El corazón de Tuala empezó a latir aceleradamente a pesar de todos sus esfuerzos por mantener la calma. Tenía las manos húmedas de sudor; Kethra se las aferraba tan fuerte que le hacía daño. ¿Dónde estaba Bridei? ¡Ah! Estaba allí, cerca del rey Drust. Broichan había enseñado bien a su hijo adoptivo. A pesar del dolor de cabeza, disimulaba y mantenía una expresión circunspecta. Otros no eran tan hábiles. El hombre alto y pelirrojo tenía aspecto de ir a desmayarse en cualquier momento; muchos de ellos daban muestras de tener frío y se arrebujaban en sus capas o vestiduras. Y había un individuo de mirada dura cuyos rasgos mostraban abiertamente su repugnancia por lo que allí estaba pasando.
Se trataba de un rito sencillo y breve. Tuala comprendía los motivos para que así fuera. La cueva del dios oscuro no era un lugar donde un hombre en su sano juicio quisiera estar mucho tiempo, y tampoco era aquella una práctica que facilitara los rezos prolongados, los retrasos o la ocasión de cuestionar con demasiado detalle su naturaleza y significado, o de empezar a dudar.

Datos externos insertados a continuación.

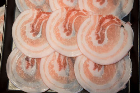 Streaky pork, pork belly cut with skin, fat and meat attached on slice raw pork lined up in dish for shabu-shabu and sukiyaki
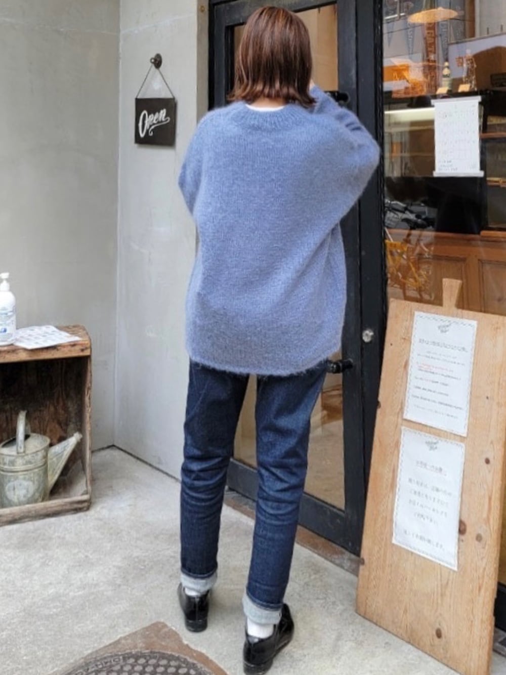 ニット最後の日。 ブルーコーデ。 このデニム、ほんと形が素晴らしい。
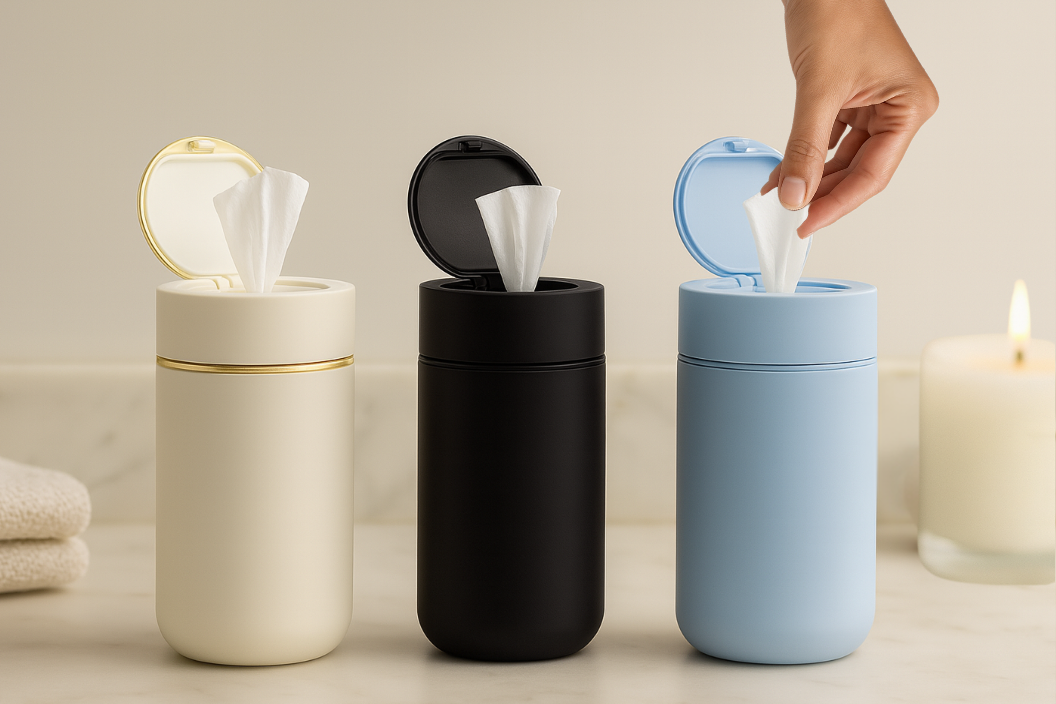 Push-button lid for moisture locking, and a refillable canister so you never run out of wipes.

Habló Broichan: palabras rituales acompañadas de gestos, una secuencia de signos que a Tuala le resultaban absolutamente desconocidos. Quizá fuera un encantamiento druídico; al final extendió los brazos, profirió un enorme grito y la oscuridad pareció envolverlo, alzándose desde el agua, surgiendo de la gélida atmósfera, de las antiguas piedras, haciéndolo inmensamente alto, más anciano de lo que se podía contar en años y lleno de un poder ávido e implacable. Tuala apenas podía respirar; los rostros de los hombres mostraban sobresalto, temor, como los de unas criaturas atrapadas esperando el golpe de un cazador. El druida volvió a gritar, un ensalmo en una lengua que Tuala no comprendía. Entonces él agarró a Morna por un hombro y el rey Drust por el otro y ambos cayeron de rodillas, empujando a la chica al suelo entre ellos.
—Recemos para que no vuelva en sí antes de que esto termine —susurró Kethra con la voz trémula de una chiquilla aterrorizada—. Recemos para que la diosa no aparte su mirada al final.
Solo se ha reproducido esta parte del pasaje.